For nearly 50 years, the Gottmans have taken out of the lab what successful couples do to create good conflict management. They have translated it into new ways of learning to talk with one another in a gentle and kind way. As a result, couples learn constructive conflict resolution and experience more connection.
In summary, by communicating, not merely expressing, how you're feeling about a particular situation and specifically asking for what you want, you will increase your chances of getting your needs met because your partner will understand why you're upset, what you want, and what they can do. They will also be better able to listen to what you’re saying and take action to please you if you’re calmly communicating rather than complaining.

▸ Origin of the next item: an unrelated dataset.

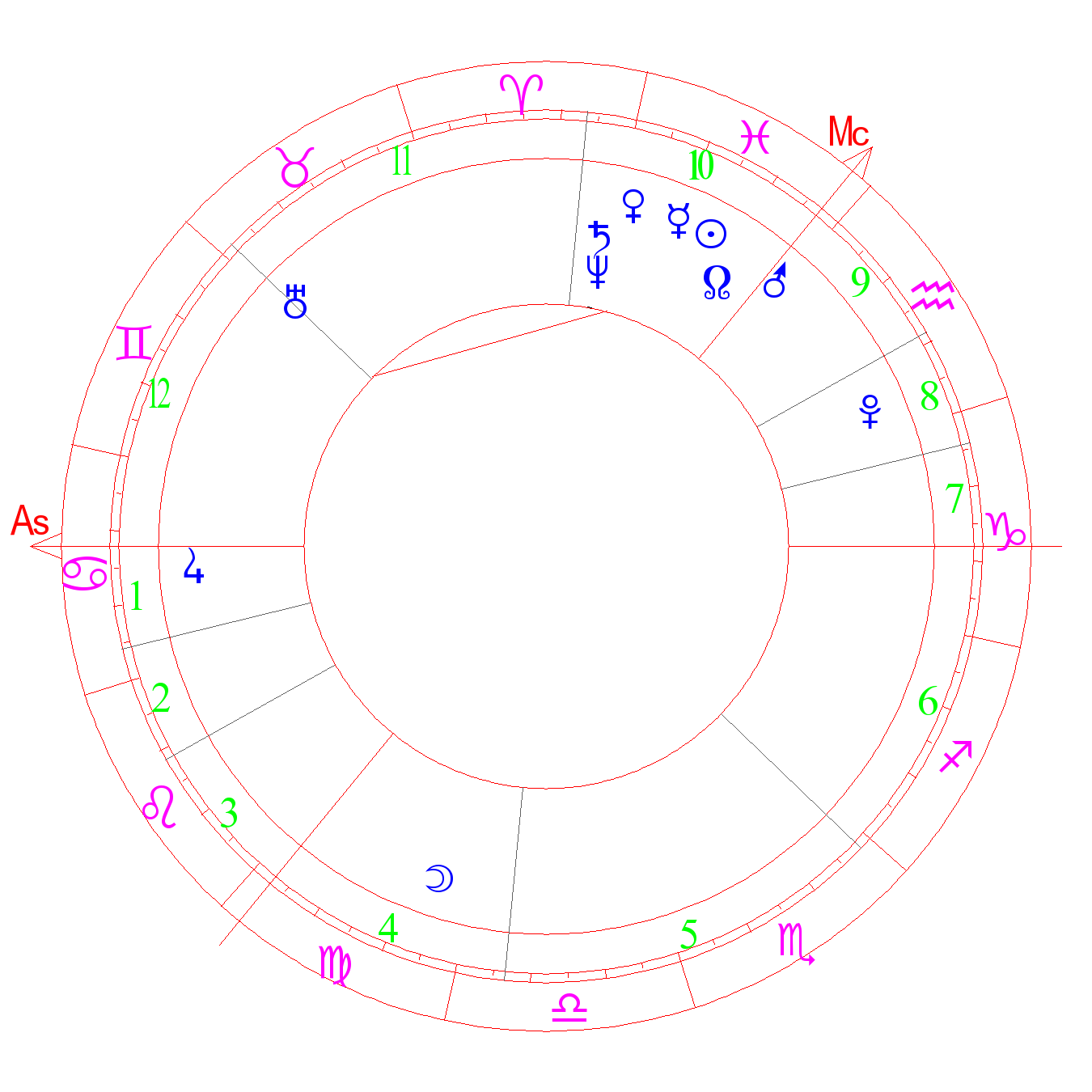 Determination, firmness, rationalism. With water cosmogram there is intuition, occult, magical, and telepathic abilities. Journeys. Ill-wishers (ASA). Capacity for surgery and medicine, cunning, energy, danger, long- distance trips. The degree of Jupiter (Kefer)

And in the end, as Julie mentioned, our partners want to please us in all domains of our lives. So let’s all be specific and tell our partners what we want. We might even get more than we expected. In fact, as Julie told us, researchers found that “in heterosexual relationships those who vacuum more get more sex.” So, let’s practice asking for what we want and making it a habit to pitch in around the house. You’ll likely be happier and more satisfied in the long run, getting all your needs met.
Gottman, Julie and John., Pileggi' Pawelski, S., & Pawelski, J. "Relationships in the Pandemic." Mind Your Health Mental Health Summit, June 28th, 2020. 92nd Street Y. New York, NY.
Pileggi Pawelski, S. & Pawelski, J. (2018). Happy Together: Using the Science of Positive Psychology to Build Love That Lasts. New York: TarcherPerigee.